Canada’s 5 year old Own the Podium program to support high performance athletes ahead of the Vancouver Games has seen the federal government channel $66-million towards improving our country’s chances to medal – and win the first Canadian Olympic gold medal on home soil. VANOC also contributed $11-million per year to the program, that funding ceases in March, as VANOC concludes it’s mandate, but federal funding of $11-million per year is slated to continue to help our elite athletes compete in top form with improved access to the best training, coaching and technology.
USA Today recently estimated in an article that Canada (with the help of Own the Podium) will reach 34 medals in the 2010 Winter Games, leading all countries, followed by Germany with 32 and the U.S. will end up 3rd with 25. Â The article also detailed how an American version of our Own the Podium funding program began injecting $18-million annually towards elite athletes to improve the country’s poor performances at the Winter Games . This additional funding kicked in as part of the lead up to the 2002 Salt Lake Games and in the long term is expected to turn the U.S. into as strong and dominate a competitor in future Winter Games as it has become in the Summer Games.

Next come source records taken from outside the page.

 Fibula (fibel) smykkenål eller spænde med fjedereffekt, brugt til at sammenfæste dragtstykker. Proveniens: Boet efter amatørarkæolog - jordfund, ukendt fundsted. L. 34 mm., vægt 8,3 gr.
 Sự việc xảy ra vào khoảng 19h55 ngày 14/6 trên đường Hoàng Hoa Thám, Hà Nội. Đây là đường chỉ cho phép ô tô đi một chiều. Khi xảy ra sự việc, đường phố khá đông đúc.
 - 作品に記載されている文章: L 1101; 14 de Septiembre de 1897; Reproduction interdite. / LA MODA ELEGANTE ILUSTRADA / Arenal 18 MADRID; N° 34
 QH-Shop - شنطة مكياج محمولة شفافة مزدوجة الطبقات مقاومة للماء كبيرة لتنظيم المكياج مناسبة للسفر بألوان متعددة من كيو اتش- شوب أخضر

The trajectory of the U.S. Nordic combined program, U.S. Ski and Snowboard Association (USSA) President and CEO Bill Marolt says, “really is an example of the time that it takes and the investment that has to be made for a team to emerge.”

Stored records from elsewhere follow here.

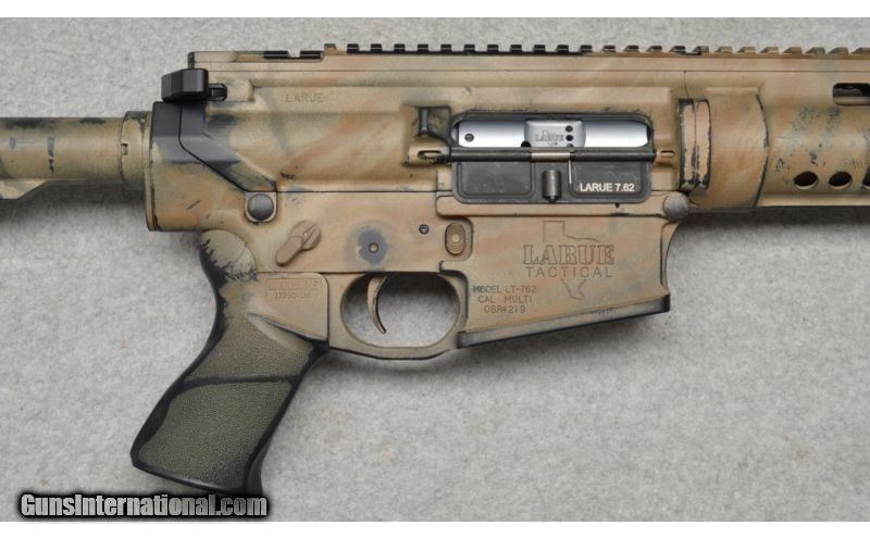 Description: Larue Tactical LT-762 OBR chambered in .308 Winchester. SOLD Caliber Info: .308 Winchester Metal Condition: Very good with light marks and wear in paint Wood Condition: Excellent Bore Condition: Bright Barrels: 16" and flash hider Triggers: Geissele SSA Stock: Magpul CTR Stock Dimensions: Adjustable length of pull Fore End: Larue Handguard Butt Pad: Rubber butt pad Weight: 9lbs 14ozs Sights: Flat top picatinny rail Item Location: Fort Worth, TX |
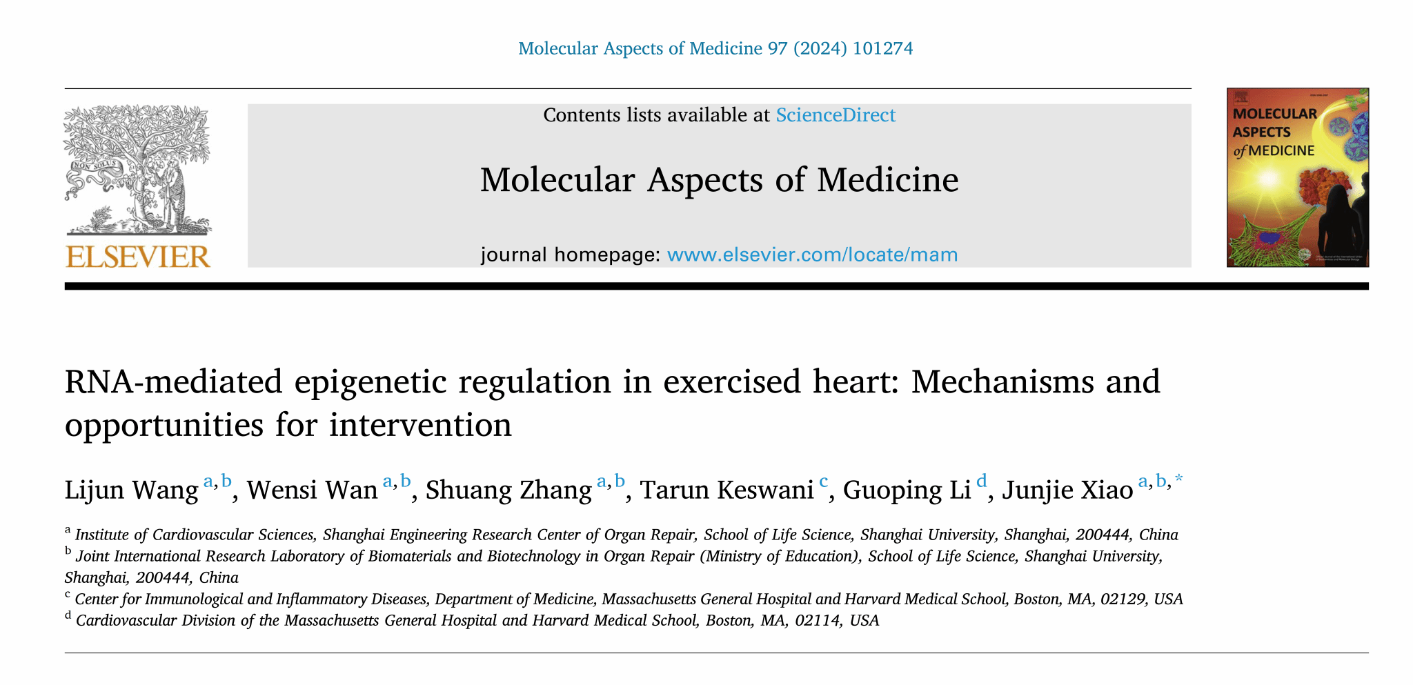 近日,生命科学学院心血管研究所王丽君副教授发表运动锻炼促进心脏健康的RNA表观遗传分子机制及治疗应用的综述论文。论文以“RNA-mediated epigenetic regulation in exercised heart: Mechanisms andopportunities for intervention”为题发表在医学-生化与分子生物学领域著名国际期刊Molecular Aspects of Medicine(https://www.sciencedirect.com/science/article/pii/S0098299724000335)上(JCR分区Q1,杂志影响因子:10.6)。肖俊杰教授为通讯作者,KY开元集团官网入口为论文的第一完成单位。
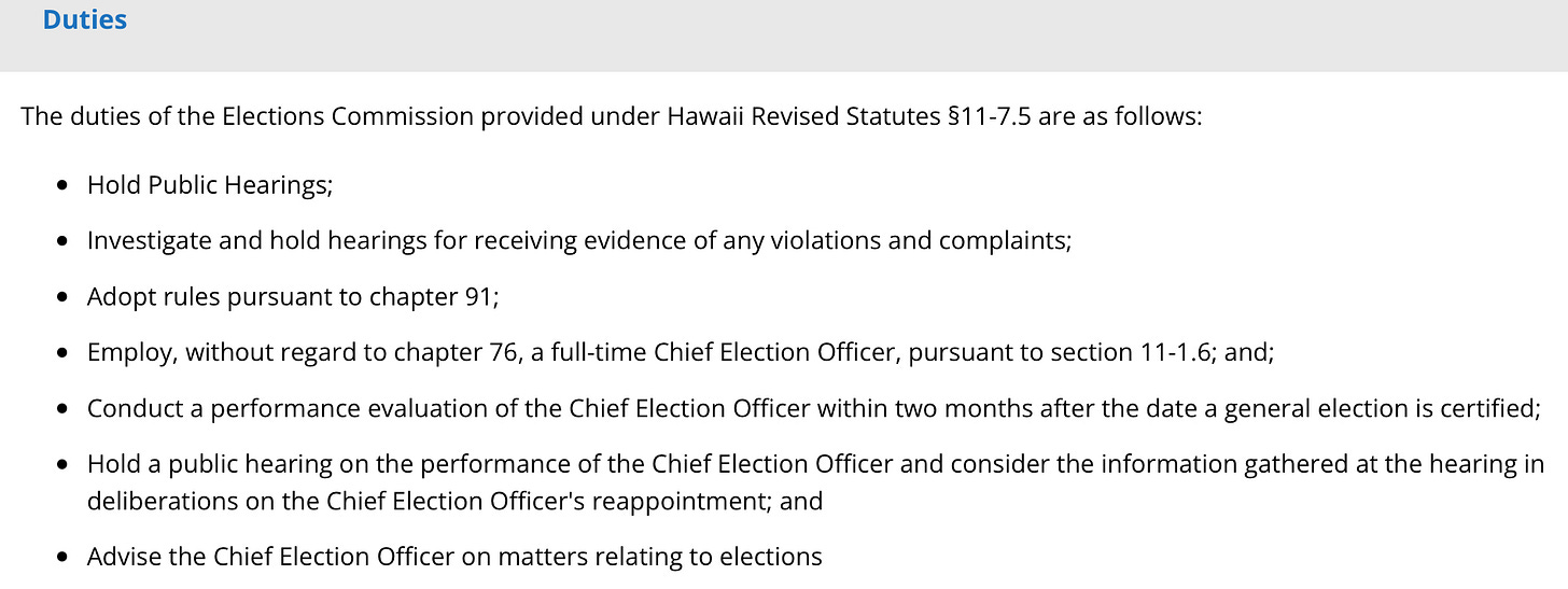 Interesting how Hawaii's system requires a google account to obtain meeting notices (as if google needs any more personal info about people) and also mysteriously has "no data available" about any upcoming election commission meetings [elections.hawaii.gov/about-us/boards-and-commissions/elections-commission/]. Meetings shown have been happening about every other month (FEB, MAR, APR, JUN, AUG, OCT, DEC'24, JAN, MAR'25) but suddenly none for the last three months and nothing scheduled. Yes indeed, "Who is the Conspiracy Theorist Now?"

Marolt joined the USSA in 1996 and says Tom Steitz, U.S. Nordic combined’s head coach at the time, was the first person in his office with a plan and a request for more money.
Marolt declines to give specifics on the investment made, but U.S Nordic combined now has three full-time coaches and two seasonal technicians to test and wax skis — a key element when mere seconds separate finishers.
The team also has a residence training program in Utah, with a plastic hill for summer ski-jumping practice.
U.S. athletes also have increased the time they spend training in Europe.
“We definitely have all our oars in the water, and it’s a big, big change,” Lodwick says.
Canada looks to have increased competition if it continues to wish to Own the Podium starting with Sochi in 2014.